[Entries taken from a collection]
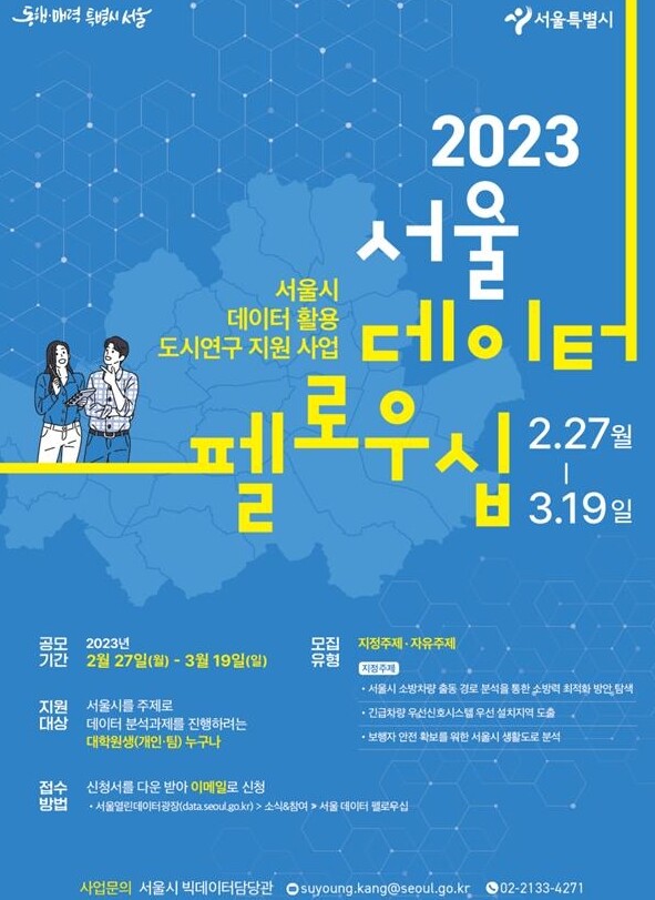[세계로컬타임즈 이효진 기자] 서울시는 2023년 ‘서울 데이터 펠로우십’(이하 ‘펠로우십’) 공모를 진행 중이다.
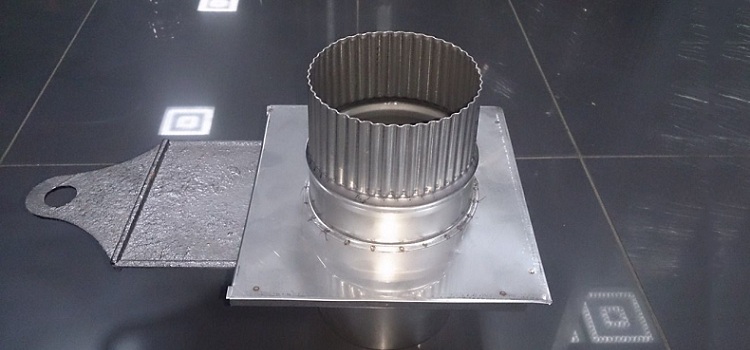 Les produits de barrière horizontale peuvent également être installés sur des cheminées métalliques. Dans la plaque, qui prolonge et chevauche une partie de la cheminée, au stade de la production, des trous sont faits ou une partie de la plaque elle-même est manquante. Dans le cas de l'autoproduction de l'élément coulissant pour la structure de la cheminée, vous devez absolument vous rappeler de faire des trous dans la plaque, sinon les règles de sécurité incendie ne seront pas respectées.
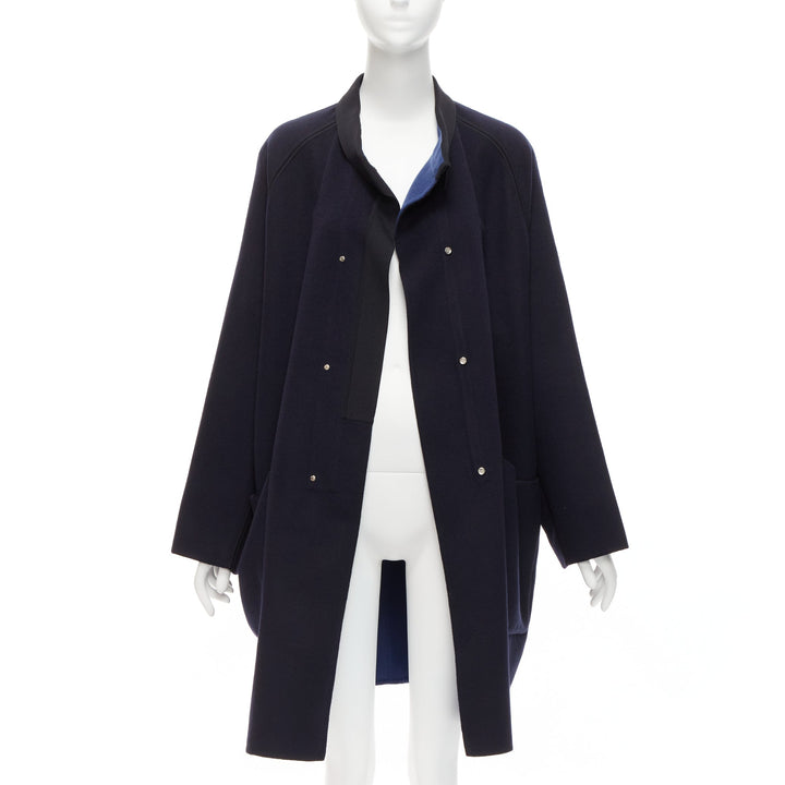 rare HERMES Martin Margiela navy double faced cashmere oversized cocoon coat FR42 XL
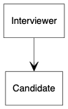 关联可以是单向或双向的,以线形箭头表示,无箭头也表示双向关联。以下展示单向关联,面试官知道他对应的候选人,但候选人不知道面试官:
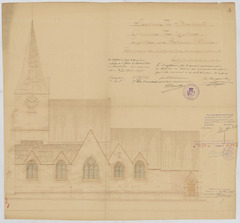 Opschrift: Province de Brabant. Commune de Meysse. Eglise de Rhode-St.-Brice. Travaux de restauration et d'agrandissement Omschrijving plan: opstand zijgevel 2 Datum KCML: 21/04/1906 Archiefnummer: B0722
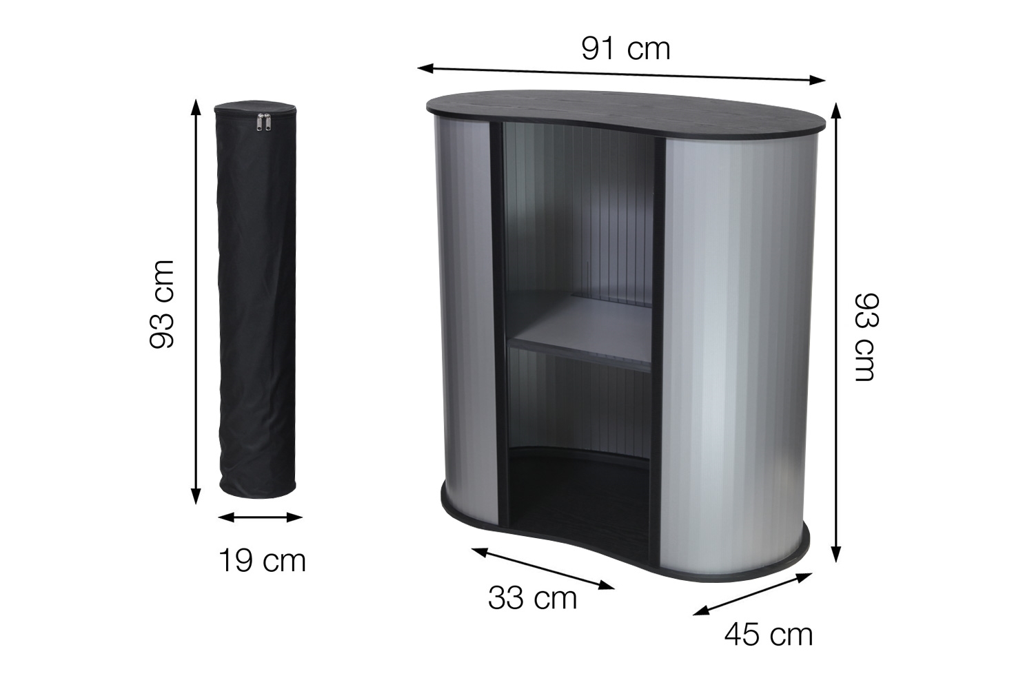 Denne messedisk er super praktisk og lett at sette opp og transportere ved hjelp av de 2 inkluderte veskene. Den tar ikke mye plass ved oppbevaring.
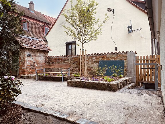 Nachdem im letzten Herbst eine Türe in die Gartenmauer gemacht wurde, konnte der Garten endlich direkt - ohne Umweg über den Nachbargarten - betreten werden. Am 24. April starteten die fleißigen Arbeiter vom Gartenbauamt und am 10. Mai wurde er fertig gestellt. Wir freuen uns schon sehr, mit unseren Besuchern, Gruppen - und auch als Mitarbeitende - den Garten in Zukunft zu benutzen und genießen.
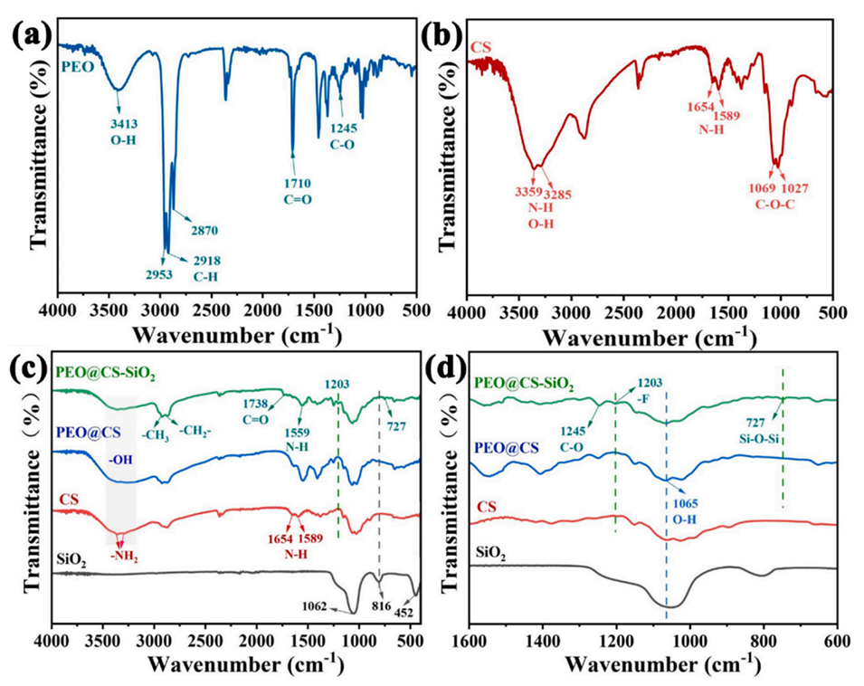 图3.(a,b)PEO和CS的FT-IR光谱;(c,d)SiO2、CS、PEO@CS,以及PEO@CS-SiO2复合微胶囊的FT-IR光谱。
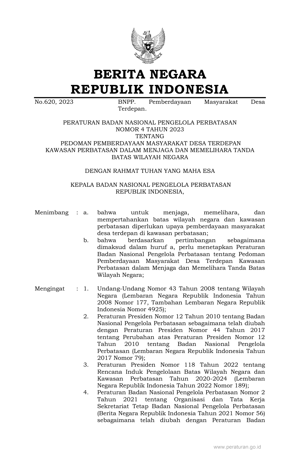 PERBAN Nomor 4 Tahun 2023 | Peraturan Badan Nomor 4 Tahun 2023 tentang PEDOMAN PEMBERDAYAAN MASYARAKAT DESA TERDEPAN KAWASAN PERBATASAN DALAM MENJAGA DAN MEMELIHARA TANDA BATAS WILAYAH NEGARA
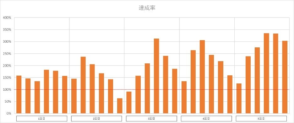 成果 :全5回の発動が実施。30コマ中28コマで目標値を達成
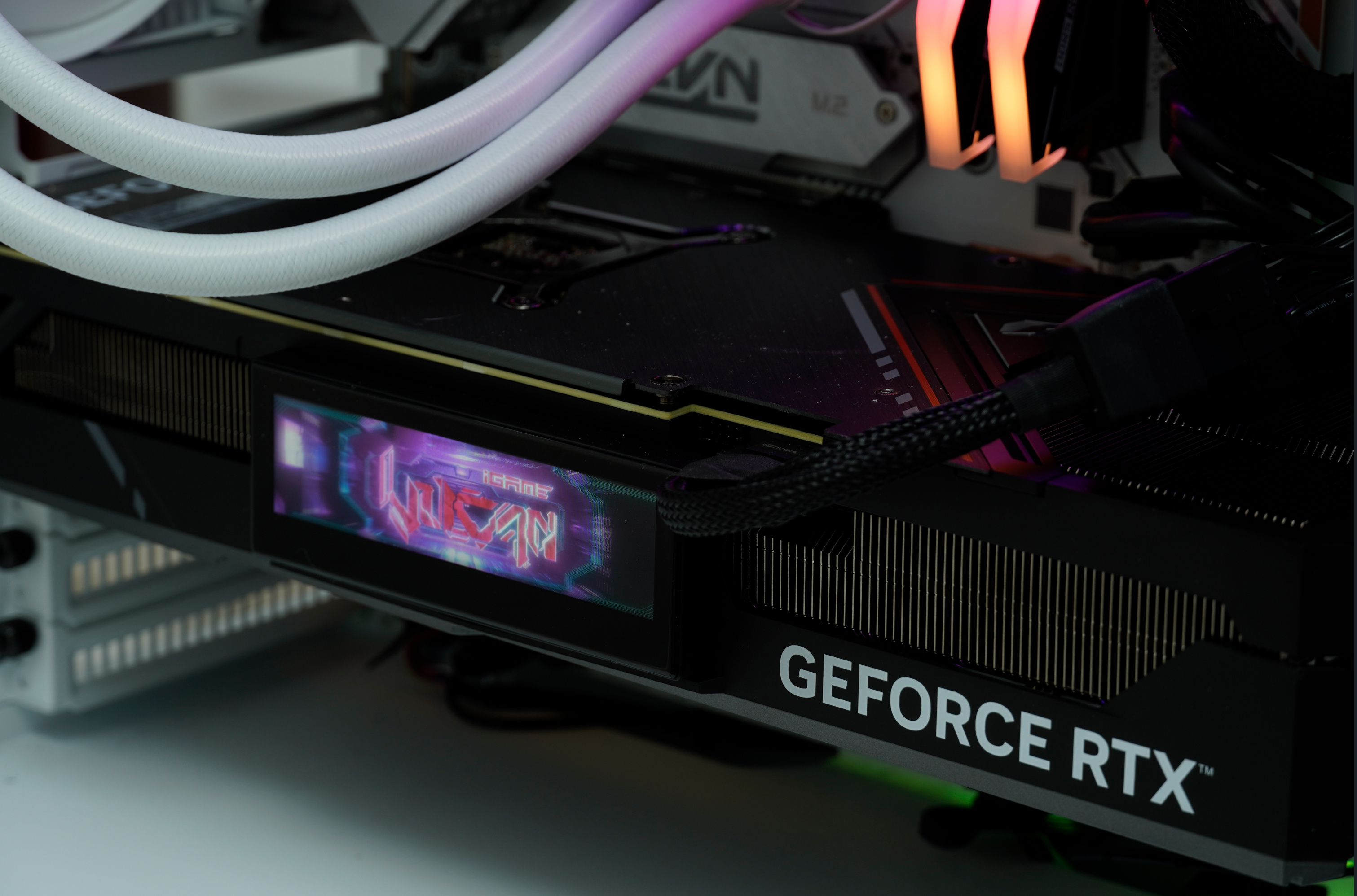 ▲而iGame 火神显卡最具识别度的LCD显示屏在本世代得到了巨大升级,不仅屏幕分辨率提升到了800*216px,画面更加清晰,而且采用磁吸式分体设计,无论显卡横装、竖装,屏幕内容总在你面前。
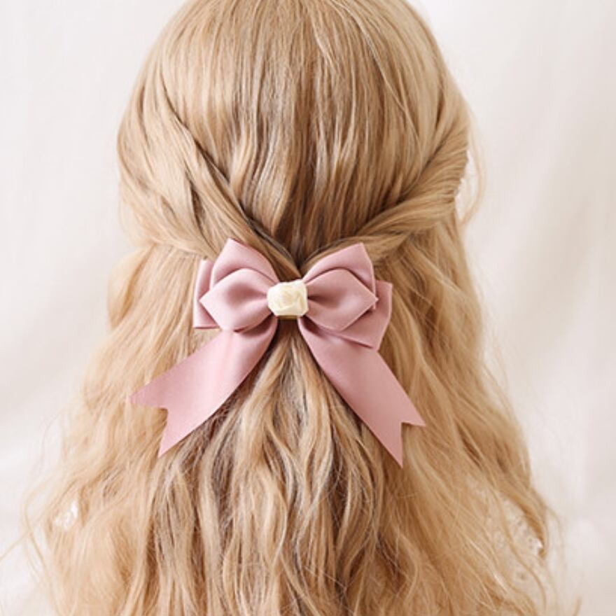 柔らかなピンクリボンが上品な甘さを演出し、ヘアアクセサリーとしてはもちろん、胸元やバッグに添えても華やかさをプラスできます。
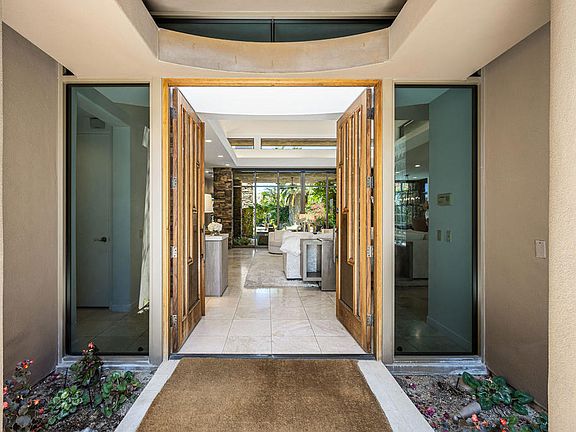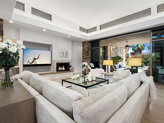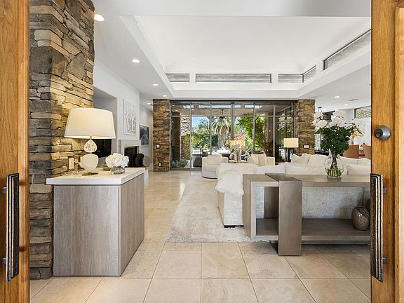 Custom gates welcome you into this inviting Entry Courtyard with hand-crafted water feature, tropical landscaping and seating area. Vaulted ceilings with clerestory windows, built-in media center and stone fireplace are featured in Great Room; corner wet bar with custom-faced refrigerator make for easy entertaining; electronic drapes, glass sliders leading to covered outdoor living room with waterfall and lushly landscaped viewsCozy Dining area adjacent to open-concept great room and kitchen, surrounded by floor-to-ceiling windows overlooking entertainment patioBright and light breakfast bar with quartz countertops, custom cabinetry and seating for four in Kitchen, upgraded high-performance appliances including 4-burner Viking gas range, dishwasher, double ovens, Sub-Zero refrigerator, wine refrigerator and message centerA very private, multi-tiered Entertainment Patio provides ample entertaining opportunities, with covered outdoor living room with firepit lounge, barbecue center, pool, spa and relaxing waterfall views, with your own lakeMaster Suite has inviting Travertine fireplace and seating area, and private patio with waterfall views; Skylights bring the outside in to the Master Bath, which features a spa tub, dual sinks and vanities, lavs and walk-in closetsPrivate Guest House with fireplace, morning bar and full bath; two interior Guest Suites with private entry and full baths
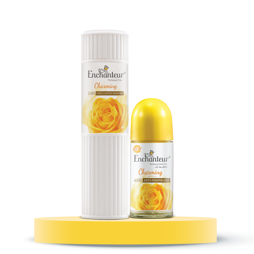 Enjoy the freshness of Citrus and the floral burst of Roses for longer with Enchanteur Charming Perfumed Roll-on Deo. These refreshing notes are signature to our much-loved fragrance, Enchanteur Charming. And when combined with the long-lasting odor-protection of this Roll-on Deodorant, your charming persona will blossom beautifully.
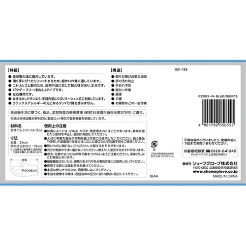 食品衛生法に適合しています。薄く手にぴったりフィットするため、細かい作業に適しています。ニトリルゴム製のため、洗剤や油に対して耐久性があり、丈夫です。パウダーフリー(粉なし)タイプです。左右兼用です。 |
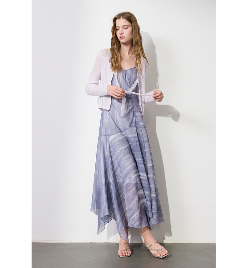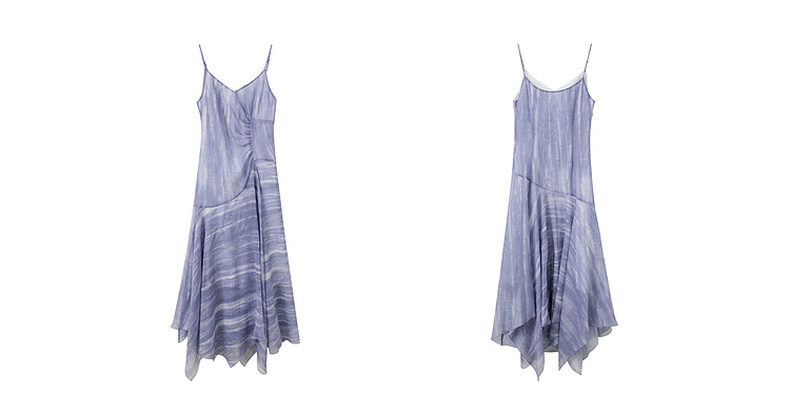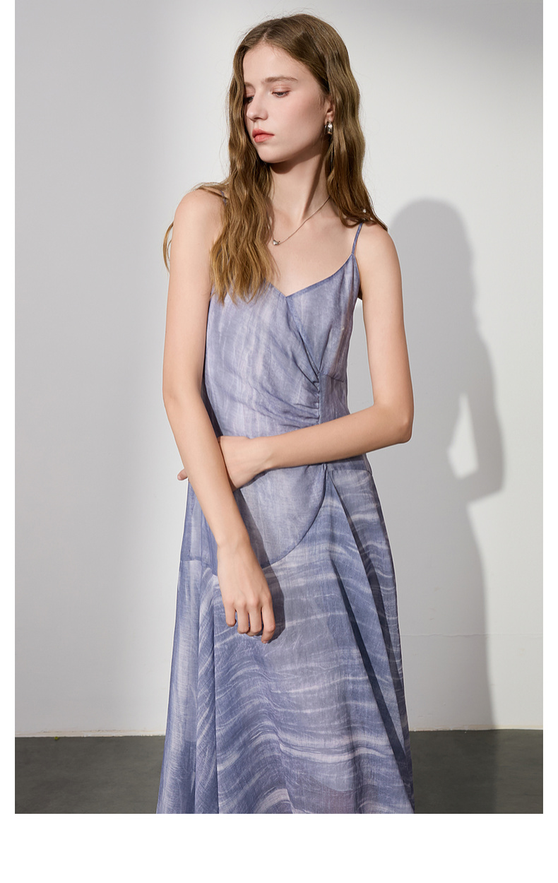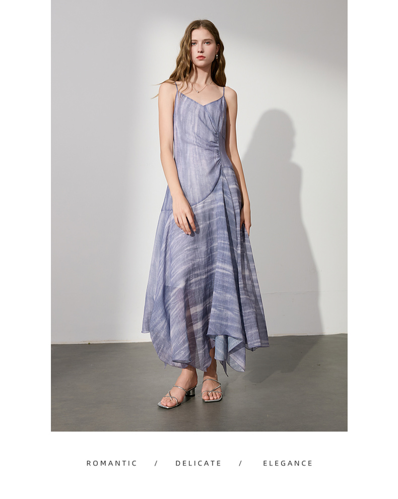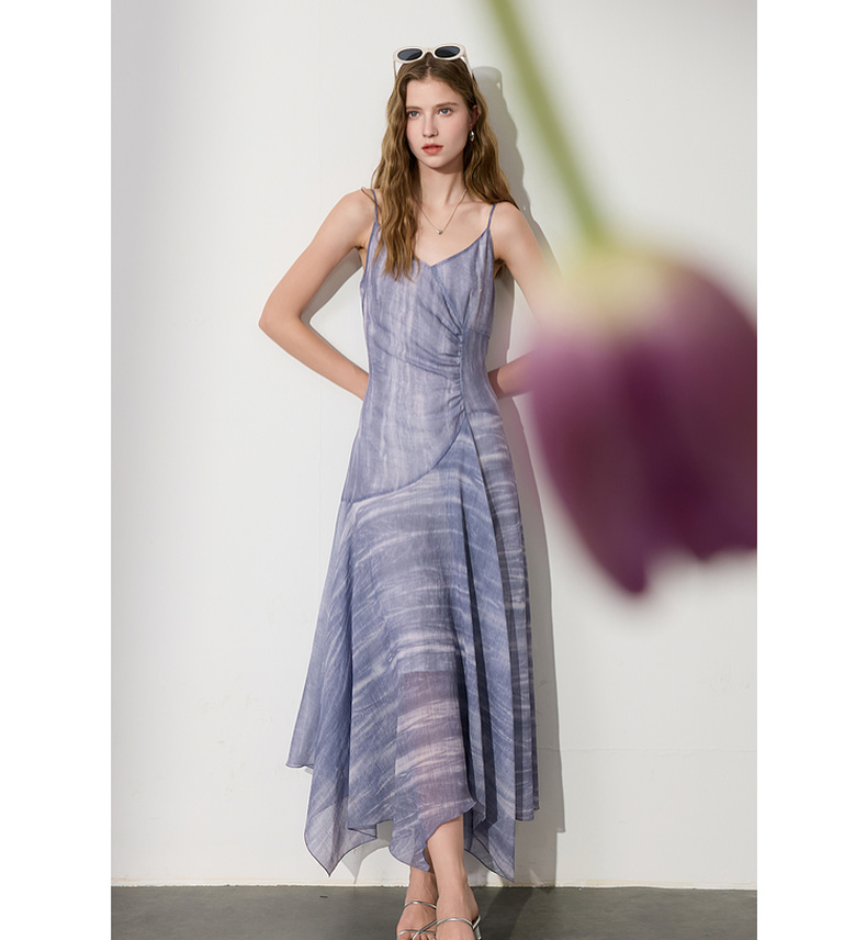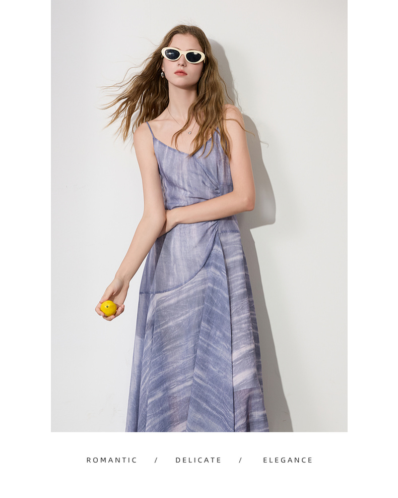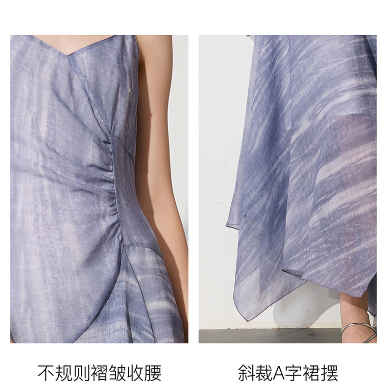 三彩2025夏季新款印花吊带裙不对称斜裁A字裙设计感连衣裙M

◆ What is required:
Write out exactly the lines between the start of the data and the line with "图3.(a,b)PEO和CS", including both, but none of the pictures.

◆ Solution to this problem:
[세계로컬타임즈 이효진 기자] 서울시는 2023년 ‘서울 데이터 펠로우십’(이하 ‘펠로우십’) 공모를 진행 중이다.
 Les produits de barrière horizontale peuvent également être installés sur des cheminées métalliques. Dans la plaque, qui prolonge et chevauche une partie de la cheminée, au stade de la production, des trous sont faits ou une partie de la plaque elle-même est manquante. Dans le cas de l'autoproduction de l'élément coulissant pour la structure de la cheminée, vous devez absolument vous rappeler de faire des trous dans la plaque, sinon les règles de sécurité incendie ne seront pas respectées.
 rare HERMES Martin Margiela navy double faced cashmere oversized cocoon coat FR42 XL
 关联可以是单向或双向的,以线形箭头表示,无箭头也表示双向关联。以下展示单向关联,面试官知道他对应的候选人,但候选人不知道面试官:
 Opschrift: Province de Brabant. Commune de Meysse. Eglise de Rhode-St.-Brice. Travaux de restauration et d'agrandissement Omschrijving plan: opstand zijgevel 2 Datum KCML: 21/04/1906 Archiefnummer: B0722
 Denne messedisk er super praktisk og lett at sette opp og transportere ved hjelp av de 2 inkluderte veskene. Den tar ikke mye plass ved oppbevaring.
 Nachdem im letzten Herbst eine Türe in die Gartenmauer gemacht wurde, konnte der Garten endlich direkt - ohne Umweg über den Nachbargarten - betreten werden. Am 24. April starteten die fleißigen Arbeiter vom Gartenbauamt und am 10. Mai wurde er fertig gestellt. Wir freuen uns schon sehr, mit unseren Besuchern, Gruppen - und auch als Mitarbeitende - den Garten in Zukunft zu benutzen und genießen.
 图3.(a,b)PEO和CS的FT-IR光谱;(c,d)SiO2、CS、PEO@CS,以及PEO@CS-SiO2复合微胶囊的FT-IR光谱。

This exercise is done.